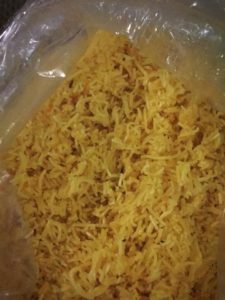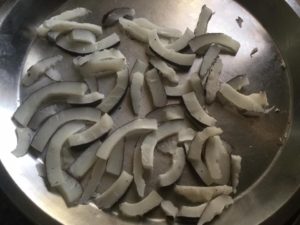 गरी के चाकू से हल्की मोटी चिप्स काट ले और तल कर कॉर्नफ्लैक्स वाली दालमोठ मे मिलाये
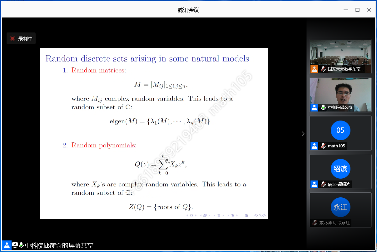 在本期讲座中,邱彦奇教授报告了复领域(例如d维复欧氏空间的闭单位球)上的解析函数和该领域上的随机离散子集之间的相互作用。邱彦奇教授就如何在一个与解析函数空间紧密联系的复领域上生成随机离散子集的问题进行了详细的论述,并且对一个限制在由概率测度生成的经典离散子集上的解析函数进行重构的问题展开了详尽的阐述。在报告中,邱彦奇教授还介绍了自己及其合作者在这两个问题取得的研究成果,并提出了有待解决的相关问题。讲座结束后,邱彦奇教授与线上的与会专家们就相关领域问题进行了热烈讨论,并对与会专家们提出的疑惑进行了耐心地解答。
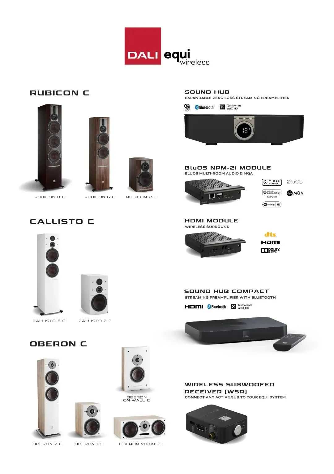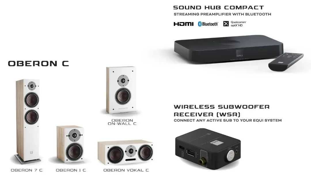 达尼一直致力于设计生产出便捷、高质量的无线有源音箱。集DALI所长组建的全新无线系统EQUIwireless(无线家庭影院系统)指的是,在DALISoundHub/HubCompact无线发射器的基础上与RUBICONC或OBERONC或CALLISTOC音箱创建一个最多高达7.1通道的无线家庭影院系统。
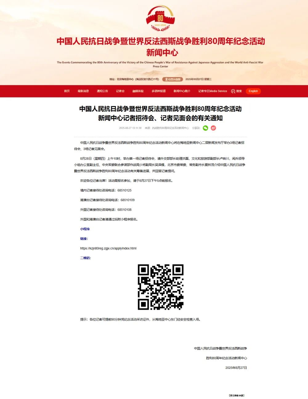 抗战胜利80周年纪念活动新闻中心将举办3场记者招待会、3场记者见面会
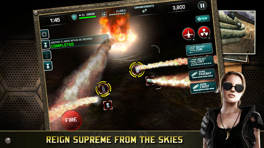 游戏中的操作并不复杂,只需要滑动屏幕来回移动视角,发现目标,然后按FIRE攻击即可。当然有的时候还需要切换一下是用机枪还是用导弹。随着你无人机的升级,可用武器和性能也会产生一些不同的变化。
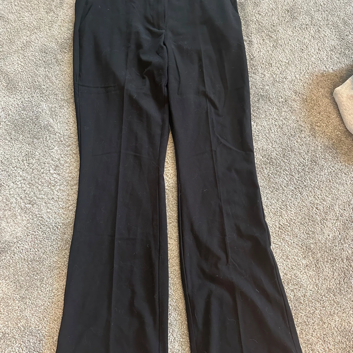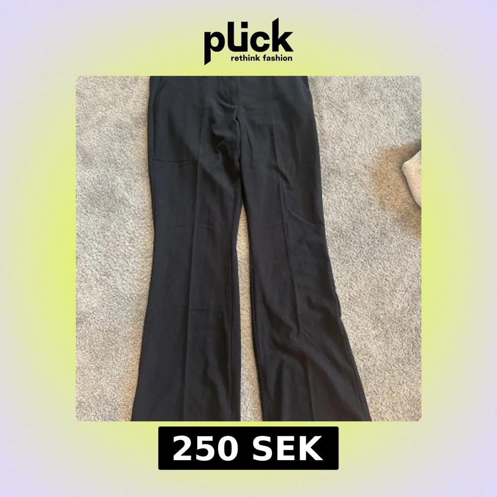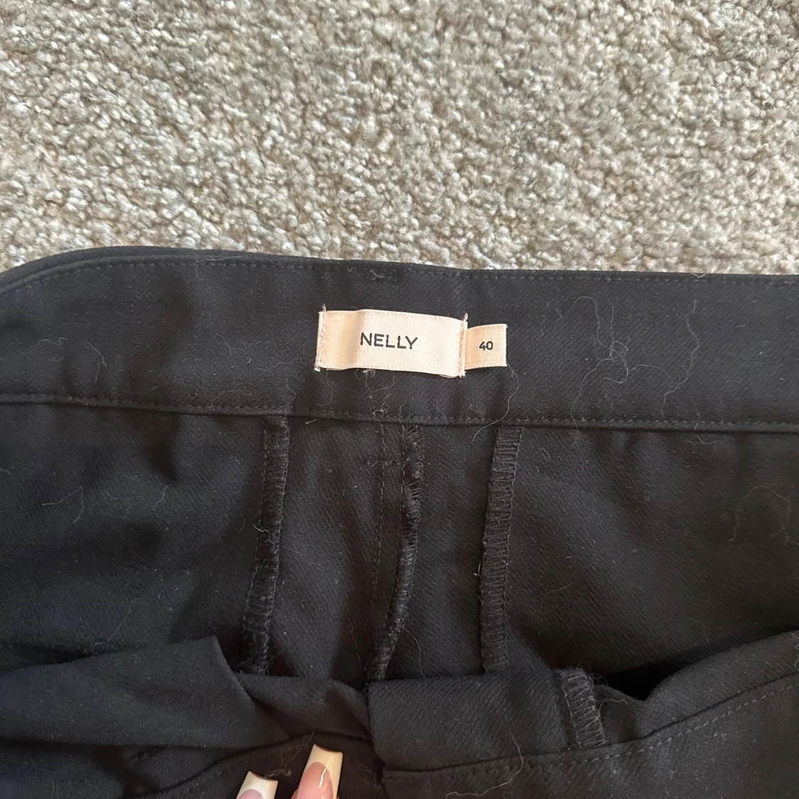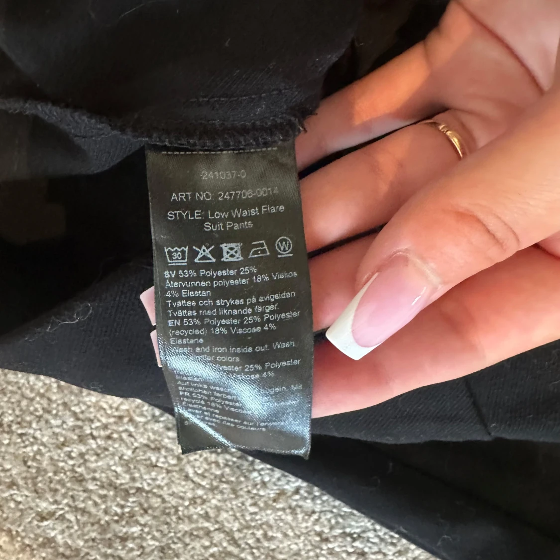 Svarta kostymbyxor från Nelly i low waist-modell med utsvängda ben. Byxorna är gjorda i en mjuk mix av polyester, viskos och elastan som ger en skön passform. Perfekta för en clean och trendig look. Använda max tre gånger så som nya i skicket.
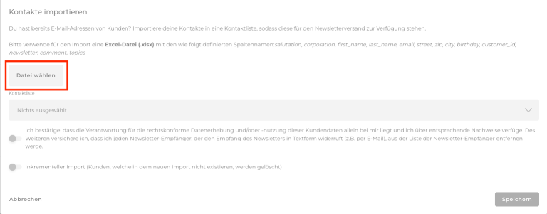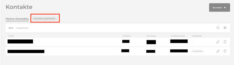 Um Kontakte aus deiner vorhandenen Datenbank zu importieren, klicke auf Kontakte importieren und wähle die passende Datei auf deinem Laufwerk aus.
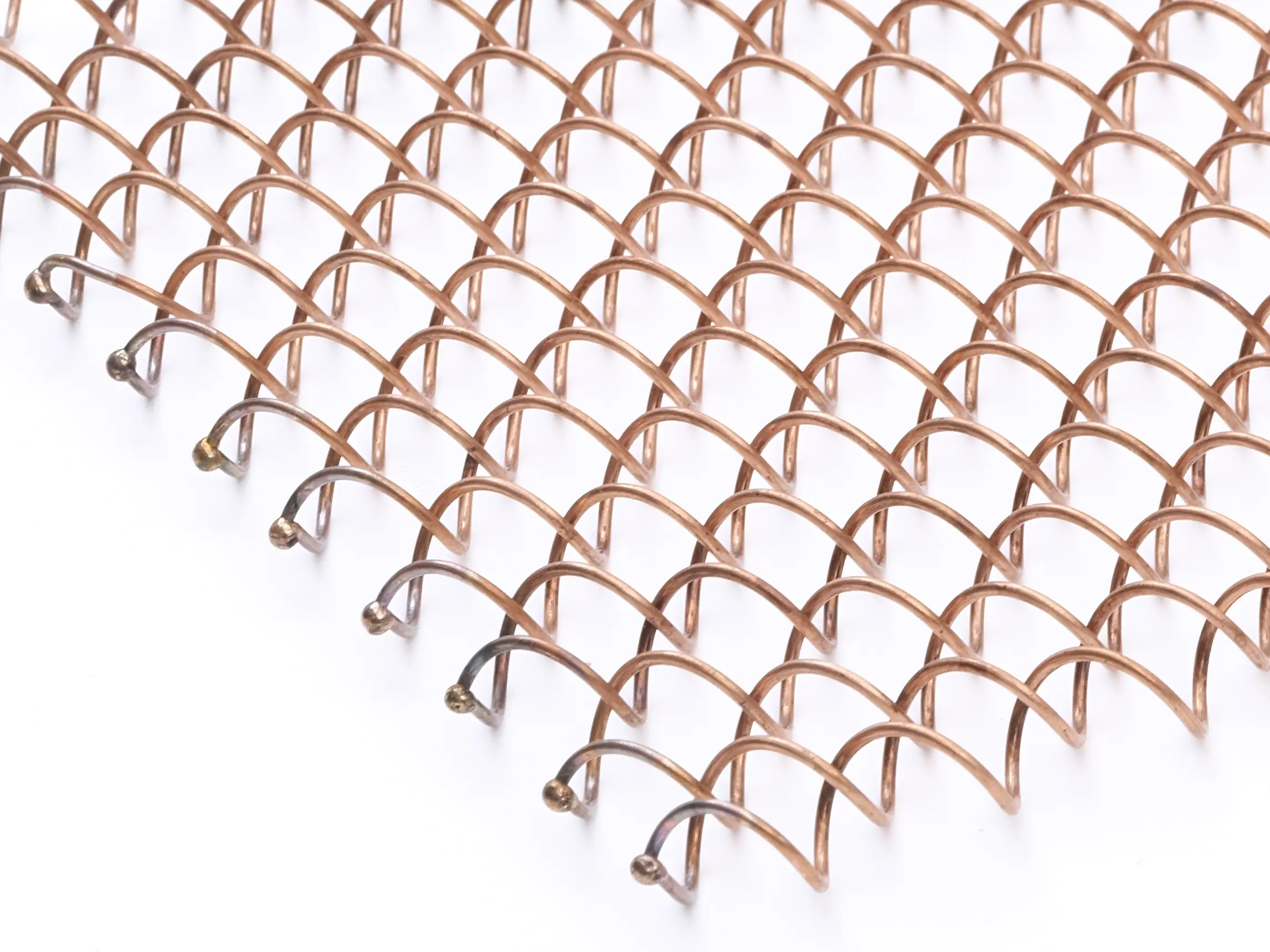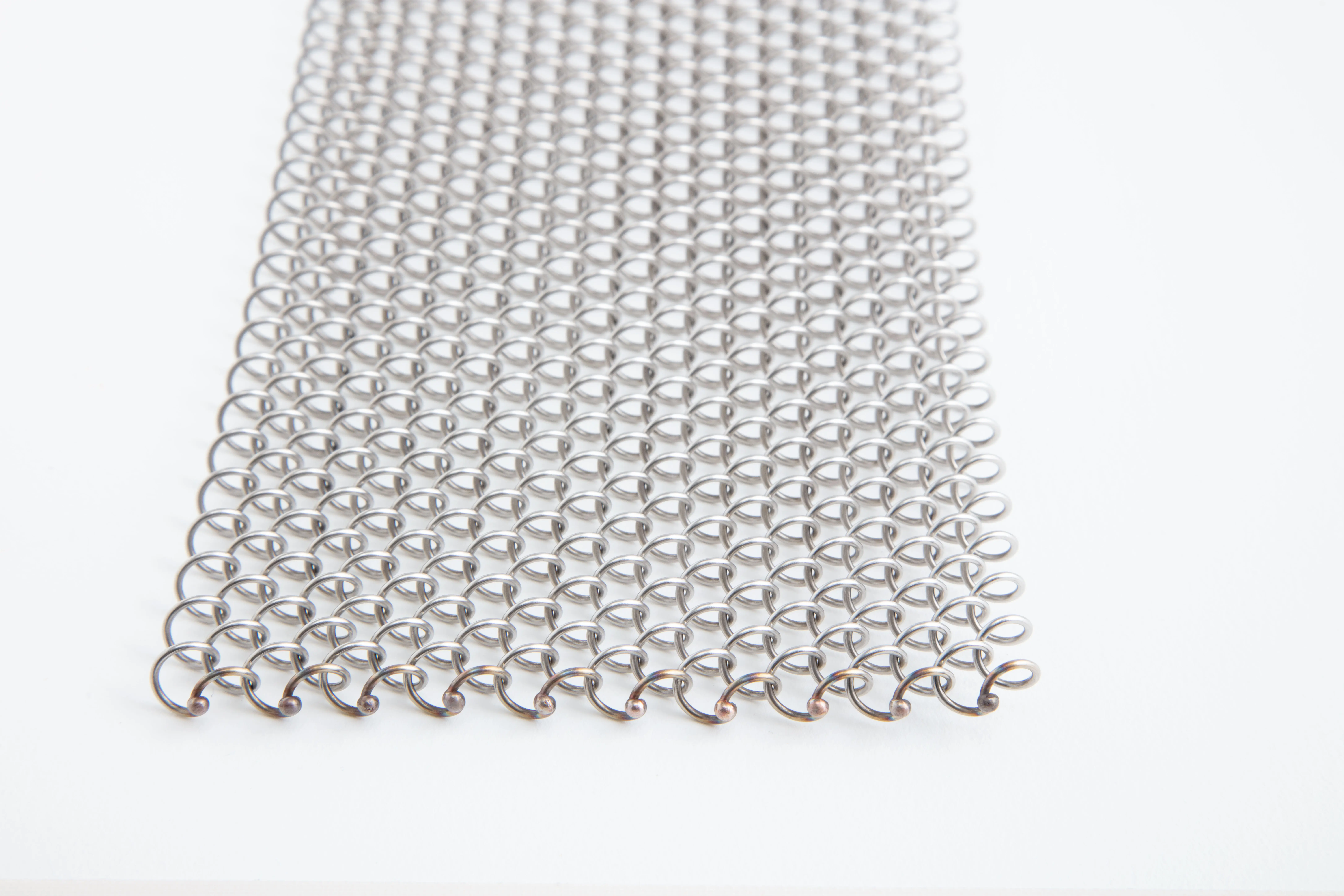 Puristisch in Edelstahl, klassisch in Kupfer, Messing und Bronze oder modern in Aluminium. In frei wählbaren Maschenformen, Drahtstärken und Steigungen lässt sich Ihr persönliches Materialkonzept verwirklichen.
--
■ Exercise objective ■
Produce an exact copy of every line above, with the images left out.

■ Exercise answer ■
 गरी के चाकू से हल्की मोटी चिप्स काट ले और तल कर कॉर्नफ्लैक्स वाली दालमोठ मे मिलाये
 在本期讲座中,邱彦奇教授报告了复领域(例如d维复欧氏空间的闭单位球)上的解析函数和该领域上的随机离散子集之间的相互作用。邱彦奇教授就如何在一个与解析函数空间紧密联系的复领域上生成随机离散子集的问题进行了详细的论述,并且对一个限制在由概率测度生成的经典离散子集上的解析函数进行重构的问题展开了详尽的阐述。在报告中,邱彦奇教授还介绍了自己及其合作者在这两个问题取得的研究成果,并提出了有待解决的相关问题。讲座结束后,邱彦奇教授与线上的与会专家们就相关领域问题进行了热烈讨论,并对与会专家们提出的疑惑进行了耐心地解答。
 达尼一直致力于设计生产出便捷、高质量的无线有源音箱。集DALI所长组建的全新无线系统EQUIwireless(无线家庭影院系统)指的是,在DALISoundHub/HubCompact无线发射器的基础上与RUBICONC或OBERONC或CALLISTOC音箱创建一个最多高达7.1通道的无线家庭影院系统。
 抗战胜利80周年纪念活动新闻中心将举办3场记者招待会、3场记者见面会
 游戏中的操作并不复杂,只需要滑动屏幕来回移动视角,发现目标,然后按FIRE攻击即可。当然有的时候还需要切换一下是用机枪还是用导弹。随着你无人机的升级,可用武器和性能也会产生一些不同的变化。
 Svarta kostymbyxor från Nelly i low waist-modell med utsvängda ben. Byxorna är gjorda i en mjuk mix av polyester, viskos och elastan som ger en skön passform. Perfekta för en clean och trendig look. Använda max tre gånger så som nya i skicket.
 Um Kontakte aus deiner vorhandenen Datenbank zu importieren, klicke auf Kontakte importieren und wähle die passende Datei auf deinem Laufwerk aus.
 Puristisch in Edelstahl, klassisch in Kupfer, Messing und Bronze oder modern in Aluminium. In frei wählbaren Maschenformen, Drahtstärken und Steigungen lässt sich Ihr persönliches Materialkonzept verwirklichen.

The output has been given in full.